Cispius is the nomen of the Roman gens Cispia.

==Cispius Laevus==

The Mons Cispius, or Cispian Hill, is one of several summits of the Esquiline Hill in Rome. The grammarian Festus says that it was named for a Cispius Laevus of Anagnia, of the Publilia voting tribe (tribus). This Cispius may be legendary.

==Marcus Cispius==

Marcus Cispius was a tribune of the plebs in 57 BC, and was among those tribunes who actively supported Cicero in his efforts to overturn the legislation that brought about his exile. Earlier, however, Cicero had brought a civil suit in which he spoke against Cispius, his brother, and their father. Sometime after Cispius's tribunate, most likely in early 56, he was defended by Cicero on a charge of electoral corruption (ambitus) and convicted.
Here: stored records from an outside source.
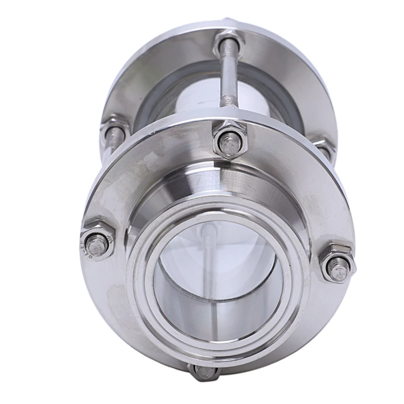 Плоское смотровое стекло с зажимным концом, санитарное прямое смотровое стекло SUS316 1,5 дюйма три зажима типа (проточная труба OD 38 мм)
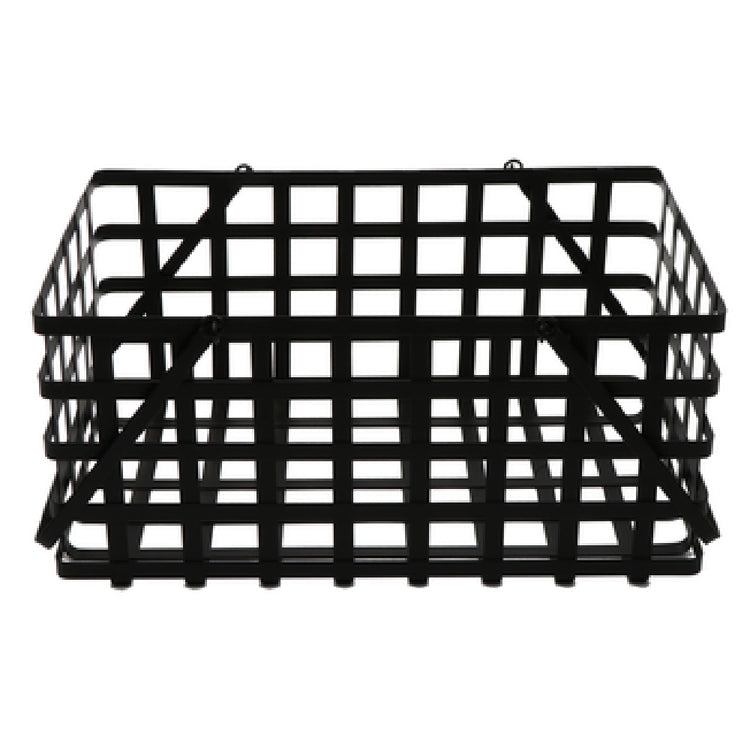 The GET Enterprises WB-566-BK Urban Renewal™ Harvest Basket is a meticulously designed rectangular basket measuring 18 inches in length, 11-1/2 inches in width, and 8-1/2 inches in height. This basket is crafted with a metal strap construction in a sleek black finish, which ensures durability and a modern aesthetic suitable for various professional settings. Equipped with sturdy handles, this basket provides convenient handling and portability, making it an ideal choice for transporting goods. The basket's durable metal construction is particularly beneficial for industries requiring reliable and robust storage solutions. This product is packaged with 8 units per case, catering to bulk purchasers and businesses looking for efficient inventory options. Its versatile design and sturdy build make it a valuable asset for sectors such as hospitality, retail, and agriculture, where the organization and stylish presentation of goods is paramount. The GET Enterprises WB-566-BK Urban Renewal™ Harvest Basket seamlessly combines functionality with a contemporary design, offering a practical and visually appealing solution for your storage and display needs.
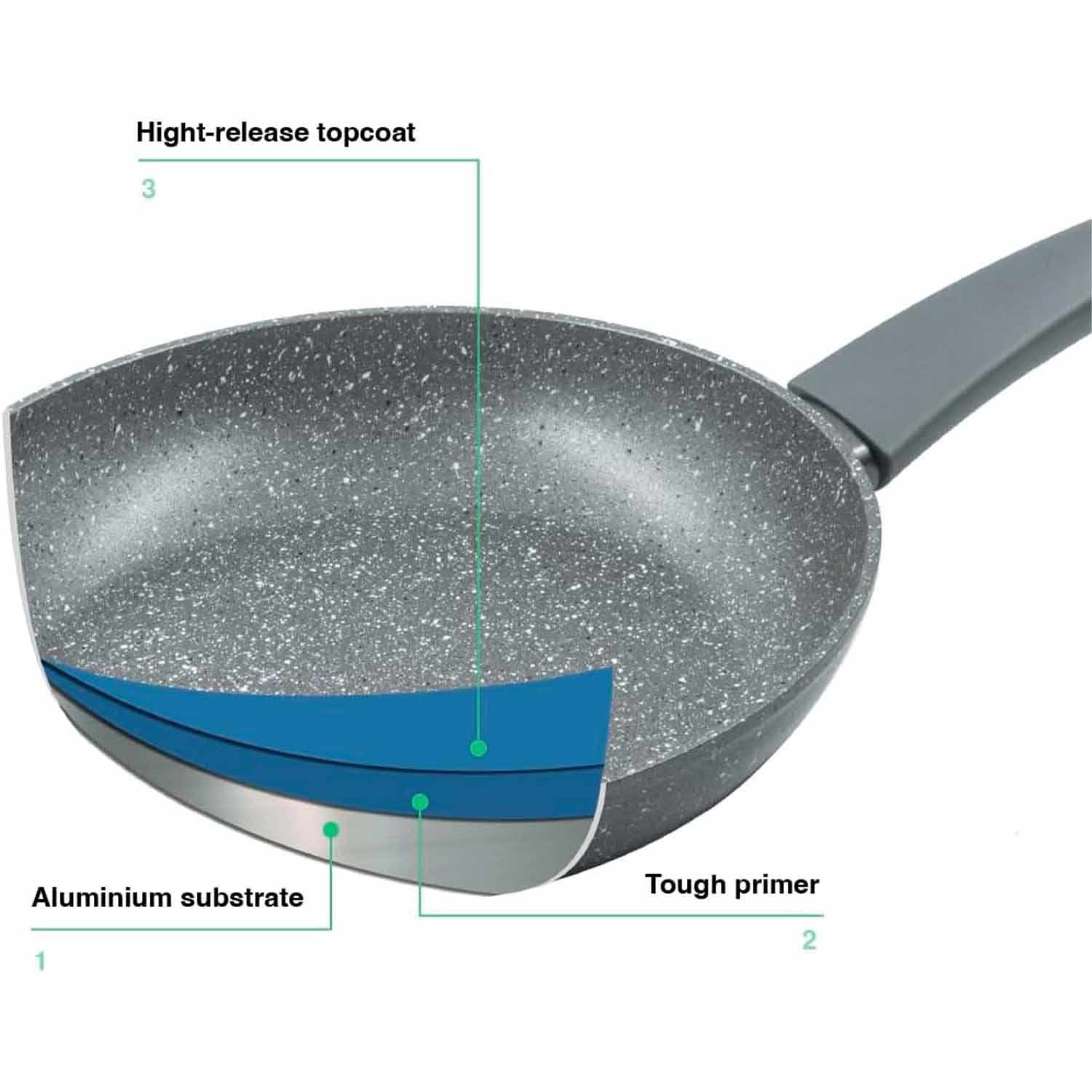 Realizzata in alluminio forgiato effetto pietra, unisce robustezza e distribuzione uniforme del calore, consentendo di cucinare in modo sano e senza grassi.

Cicero calls him "a man of character and principle." The two men maintained their friendship in the 50s; in 55, Cicero wrote a letter of recommendation to the proconsul of Africa, Q. Valerius Orca, on behalf of men associated with Cispius. Cispius may have been a praetor sometime after 54.

==Lucius Cispius (Laevus)==

Lucius Cispius, probably with the cognomen Laevus, was a commander of the fleet (praefectus classis) in 46 BC, serving under Julius Caesar. He took part in the blockade of Thapsus. Cispius was not of senatorial rank, and has been tentatively linked to a pottery manufacturing family in Arretium. It is possible that he was the son of Marcus Cispius (above), though this filiation would place them on opposite sides in the civil war. In 43, a Cispius Laevus was a legate of Munatius Plancus, carrying dispatches to Rome for him; this man was most likely Caesar's naval commander.